# SOURCE MATERIAL

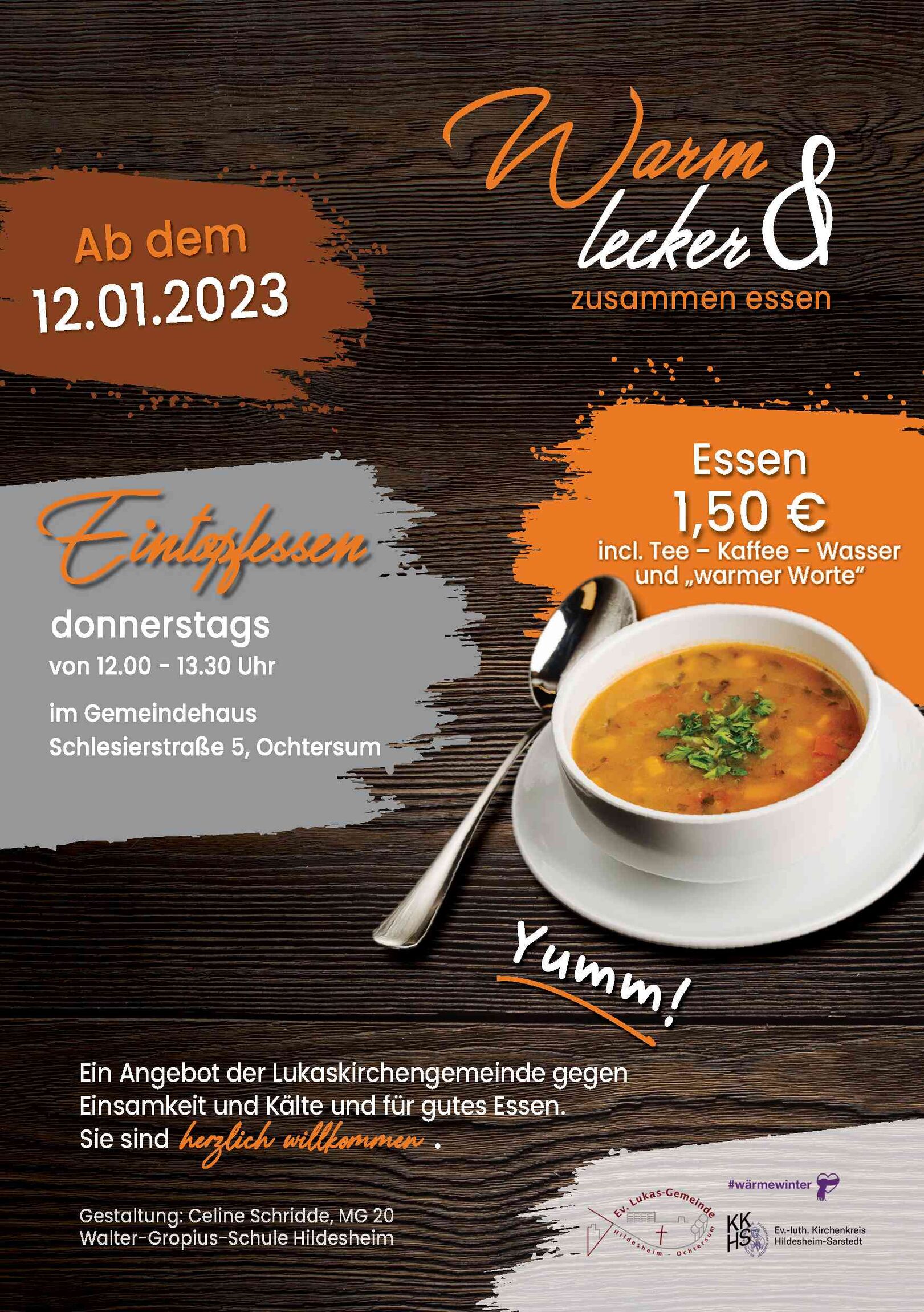 Wir setzen ein Zeichen gegen Einsamkeit und Kälte und für ein gutes gemeinsames Mittagessen. Zu dem Essen bieten wir im Anschluss Kekse, Tee, Kaffee und Wasser – alles für 1,50 Euro. Jeweils donnerstags im Café Luca des Gemeindehauses, Schlesierstraße 5, von 12.00 Uhr bis 13.00 Uhr. Sie sind herzlich willkommen.
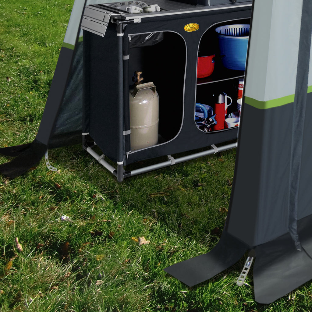 Kein Gestänge, geringes Packmaß und einfacher Aufbau machen das Heckzelt 'Upgrade' zur perfekten Wahl aller Kastenwagenfahrer. Einfach über die Heckklappe stülpen und schon ist Platz für ein Feldbett, Fahrrad oder einfach nur um mehr Frischluft im Fahrzeug zu bekommen. Rückwand als Sonnensegel hochstellbar. Fenster und Eingang in der Seitenwand. Für mehr Licht sorgt das PVC-Fenster im Dach.
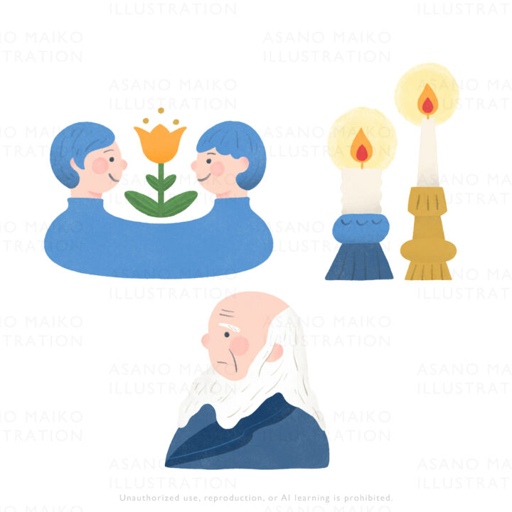 デンマークの思想家、対話や幸せ、北欧らしいモチーフを描かせていただきました。
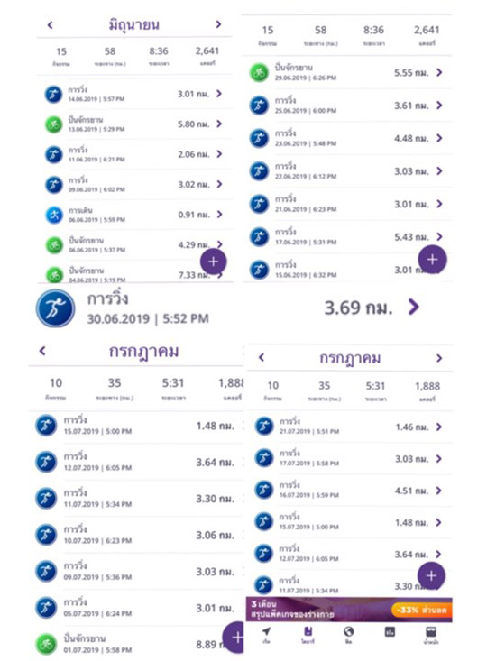 1. ส่วนมากเราจะวิ่งจ๊อกกิ้งค่ะ หรือเดินเร็วสลับกันไป สำหรับเราวิ่งแค่ครั้งละประมาณ 3 km. เท่านั้นค่ะ ชิลๆ ค่ะ ไม่หักโหม หรือถ้าวันไหน fit หน่อยก็อาจจะ 4-5 km. แล้วแต่อารมณ์ เบิร์นช่วงขากับสะโพกได้ดีมากๆ
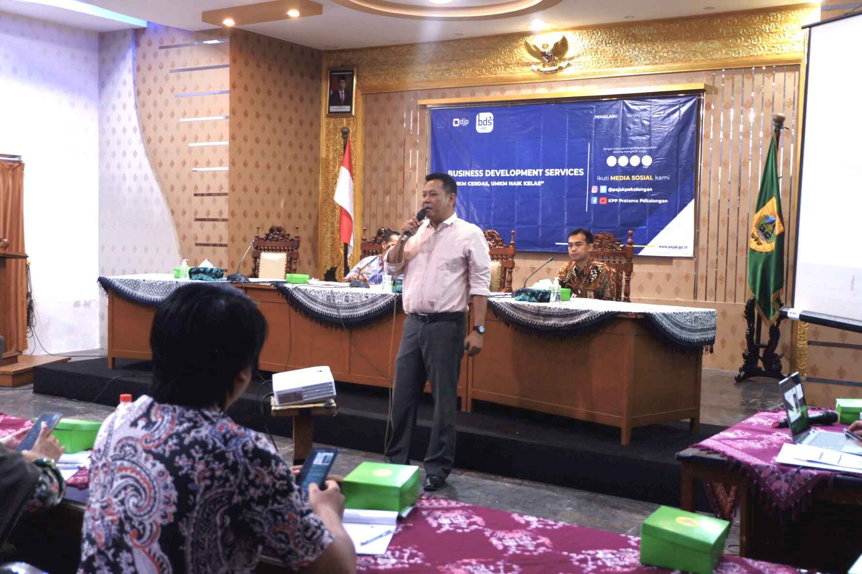 Business Development Service dihadiri oleh 35 peserta pelaku usaha Usaha Kecil dan Menengah (UMKM) yang telah dibina oleh Dinas Koperasi dan UMKM, Perindustrian dan Perdagangan Kabupaten Pemalang. Kegiatan Usaha yang dimiliki wajib pajak tersebut antara lain home Industri yang menjual makanan, kerajinan dan produk lainnya yang dipasarkan di Kabupaten Pemalang dan melalui online.
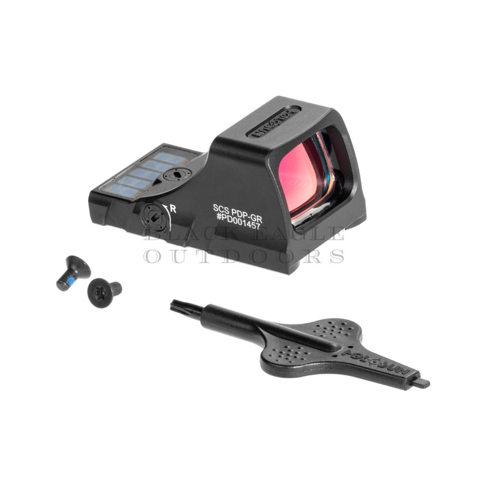 Das SCS-PDP-GR (Solar Charging Sight) ist eine Direktbefestigungsoptik nur für Walther PDP 2.0 OR-Systeme, die die niedrigste Höhe für die Verwendung mit Ironsights in Standardhöhe bietet.
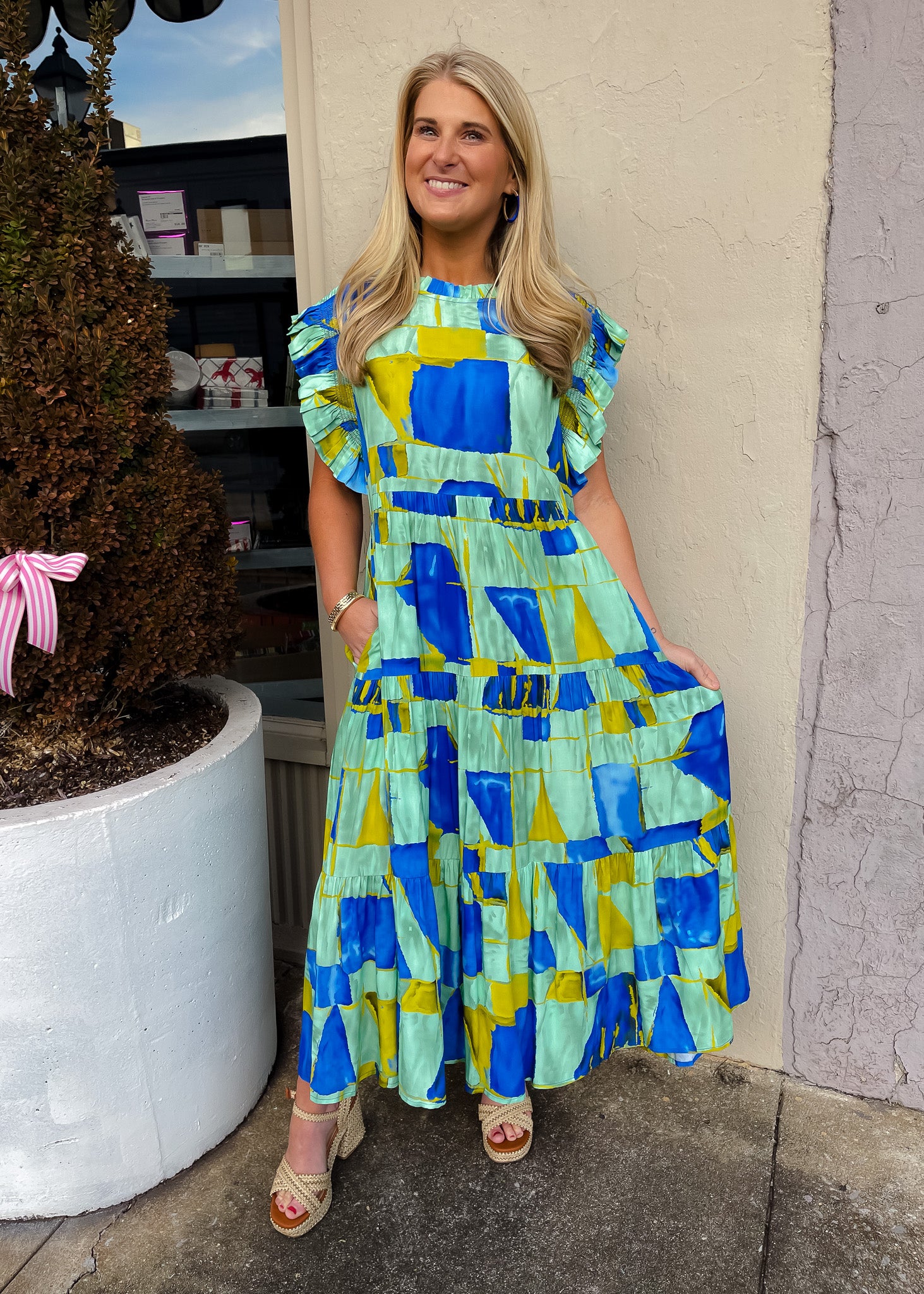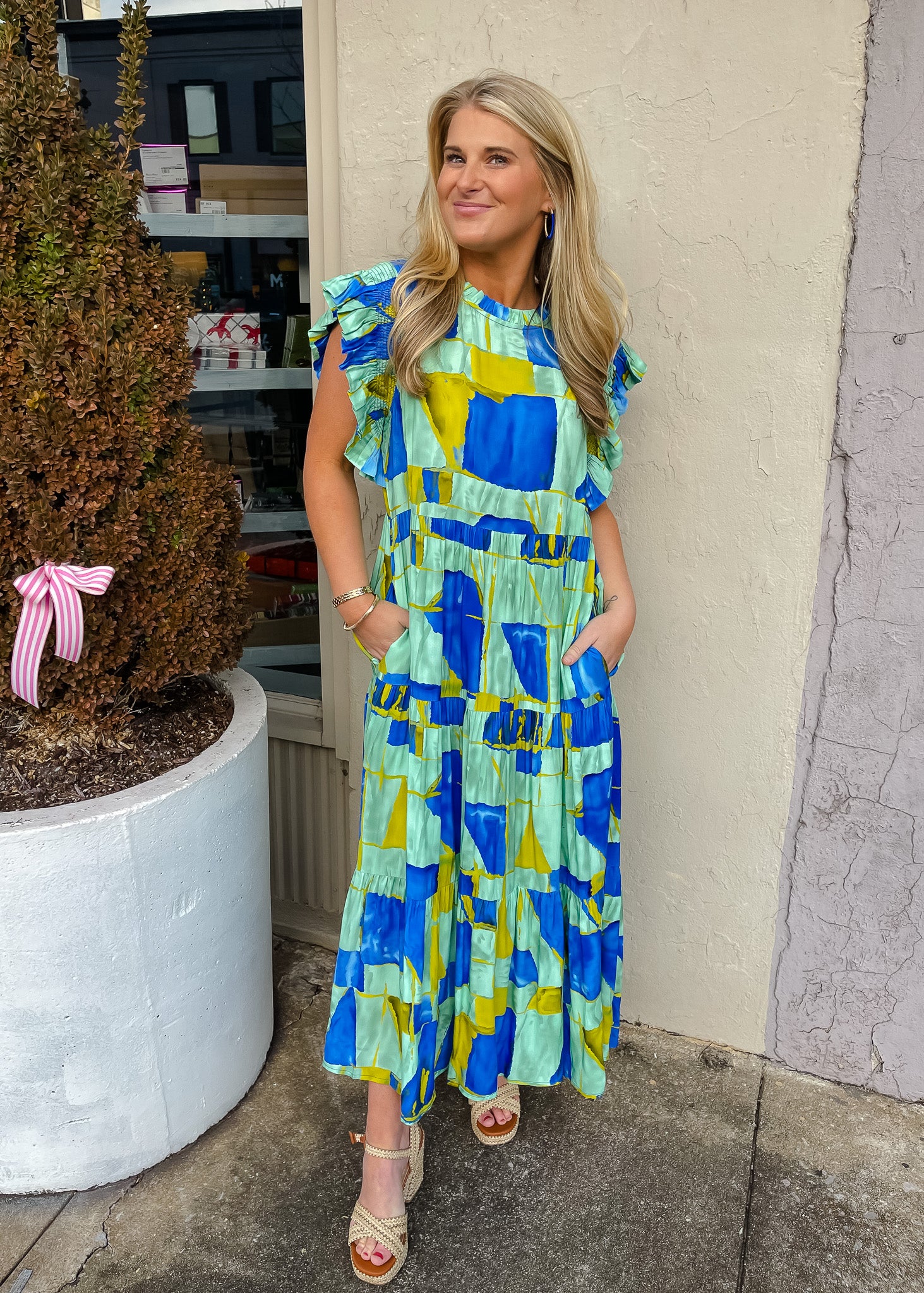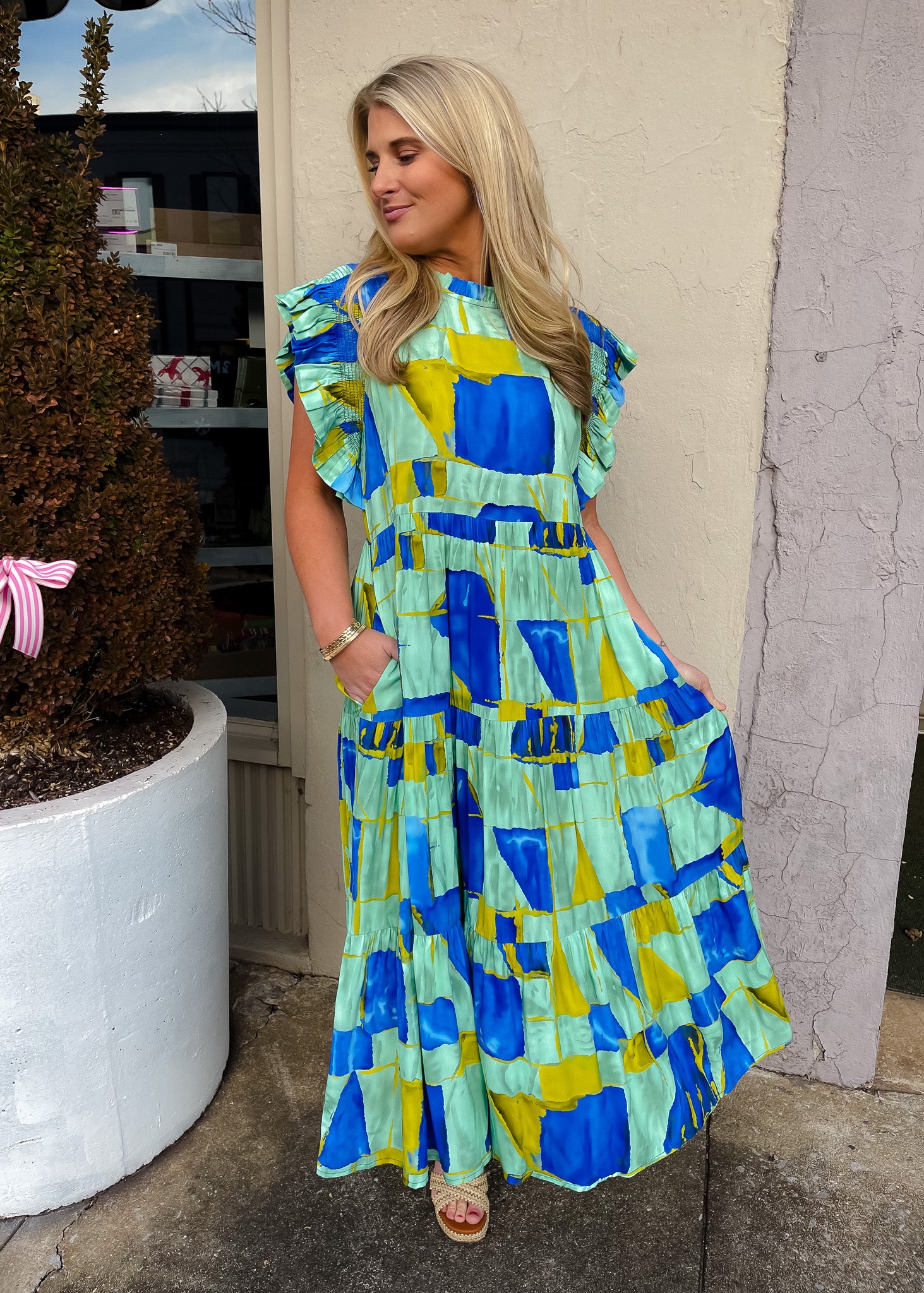 Get ready to twirl in the Keep Me Close Maxi Dress! This flowy maxi dress features a playful blue, lime green, and teal color scheme, charming cap ruffle sleeves, and a flirty keyhole back. The smocked detailing and oversized fit add a touch of whimsy to this must-have dress. This maxi dress is stylish and functional with pockets! Keep all your essentials close while looking fabulous. Perfect for any occasion, you'll never want to take it off.

# AIM OF THE TASK
A word-for-word copy of the data, without its pictures, is what is needed.

# SOLUTION TO THIS PROBLEM
 Wir setzen ein Zeichen gegen Einsamkeit und Kälte und für ein gutes gemeinsames Mittagessen. Zu dem Essen bieten wir im Anschluss Kekse, Tee, Kaffee und Wasser – alles für 1,50 Euro. Jeweils donnerstags im Café Luca des Gemeindehauses, Schlesierstraße 5, von 12.00 Uhr bis 13.00 Uhr. Sie sind herzlich willkommen.
 Kein Gestänge, geringes Packmaß und einfacher Aufbau machen das Heckzelt 'Upgrade' zur perfekten Wahl aller Kastenwagenfahrer. Einfach über die Heckklappe stülpen und schon ist Platz für ein Feldbett, Fahrrad oder einfach nur um mehr Frischluft im Fahrzeug zu bekommen. Rückwand als Sonnensegel hochstellbar. Fenster und Eingang in der Seitenwand. Für mehr Licht sorgt das PVC-Fenster im Dach.
 デンマークの思想家、対話や幸せ、北欧らしいモチーフを描かせていただきました。
 1. ส่วนมากเราจะวิ่งจ๊อกกิ้งค่ะ หรือเดินเร็วสลับกันไป สำหรับเราวิ่งแค่ครั้งละประมาณ 3 km. เท่านั้นค่ะ ชิลๆ ค่ะ ไม่หักโหม หรือถ้าวันไหน fit หน่อยก็อาจจะ 4-5 km. แล้วแต่อารมณ์ เบิร์นช่วงขากับสะโพกได้ดีมากๆ
 Business Development Service dihadiri oleh 35 peserta pelaku usaha Usaha Kecil dan Menengah (UMKM) yang telah dibina oleh Dinas Koperasi dan UMKM, Perindustrian dan Perdagangan Kabupaten Pemalang. Kegiatan Usaha yang dimiliki wajib pajak tersebut antara lain home Industri yang menjual makanan, kerajinan dan produk lainnya yang dipasarkan di Kabupaten Pemalang dan melalui online.
 Das SCS-PDP-GR (Solar Charging Sight) ist eine Direktbefestigungsoptik nur für Walther PDP 2.0 OR-Systeme, die die niedrigste Höhe für die Verwendung mit Ironsights in Standardhöhe bietet.
 Get ready to twirl in the Keep Me Close Maxi Dress! This flowy maxi dress features a playful blue, lime green, and teal color scheme, charming cap ruffle sleeves, and a flirty keyhole back. The smocked detailing and oversized fit add a touch of whimsy to this must-have dress. This maxi dress is stylish and functional with pockets! Keep all your essentials close while looking fabulous. Perfect for any occasion, you'll never want to take it off.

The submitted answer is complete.